Due to the unique proximity of low-flying airliners arriving and departing from Princess Juliana International Airport, the location is popular with plane spotters. This is one of the few places in the world where aircraft can be viewed in their flight path just outside the end of the runway. Watching airliners pass over the beach is such a popular activity that daily arrivals and departures airline timetables are displayed on a board in most bars and restaurants on the beach.

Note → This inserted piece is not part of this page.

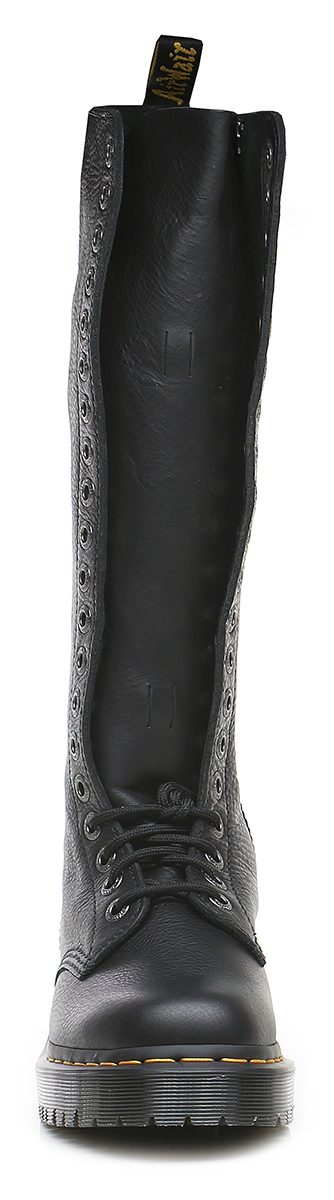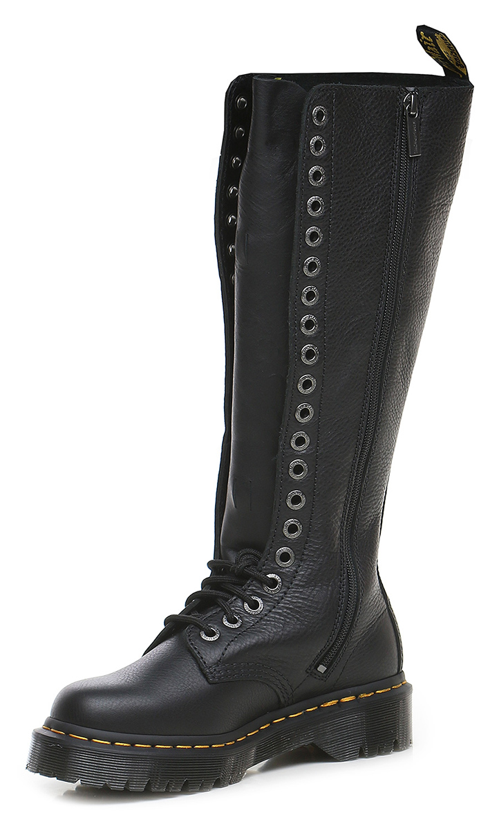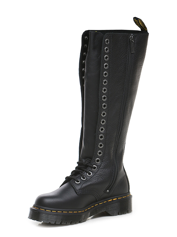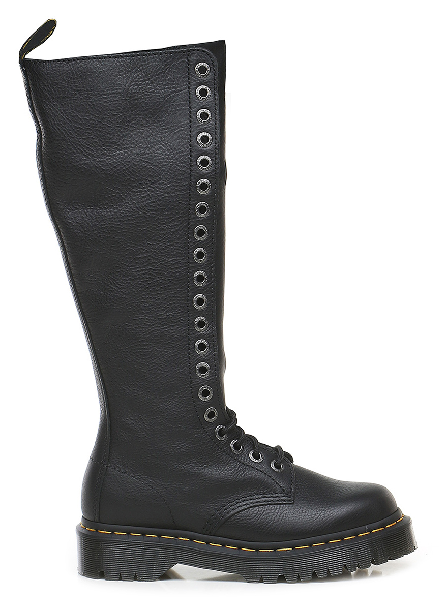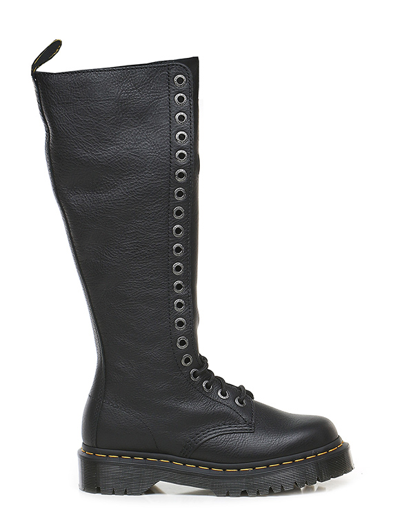 Stivale in pelle martellata con zip lateral. Suola in gomma effetto carrarmato. Altezza tacco 40mm, platform 25mm con battuta 15mm.

Maho Beach is unusually close to the threshold of a runway and is directly under the flight path, resulting in aircraft on their final approach flying over the beach at altitudes of less than  above ground level. This makes the beach a popular location for photographers and video makers who intend to capture the aircraft approaching the airport.

There is a danger of people standing on the beach being blown into solid objects or the water because of the jet blast from aircraft taking off from runway 10. The local government warns that closely approaching and departing aircraft can "result in serious injury and/or death". An additional fence has been added recently behind runway 10, in order to prevent people from hanging onto the main fence surrounding the runway to experience being blasted by the jet flow.

The beach itself is white sand and has little to no vegetation because of jet blast erosion. The Caravanserai Resort, the Sunset Bar and other restaurants/night clubs such as Bamboo Bernies and Bliss are located nearby. The beach is popular with windsurfers and skimboarders because of occasional large waves.

History
On October 16, 2008, the Maho area of St. Maarten was badly damaged by Hurricane Omar, which destroyed the Sunset Bar and Grill as well as Bamboo Bernies and Bliss.  In November 2009, the Sunset Bar and Grill and Bliss were both re-opened. Hurricane Omar reduced the beach to boulders, and damaged the nearby Royal Islander Club La Plage which re-opened February 14, 2009. The same occurred with Hurricane Irma in 2017.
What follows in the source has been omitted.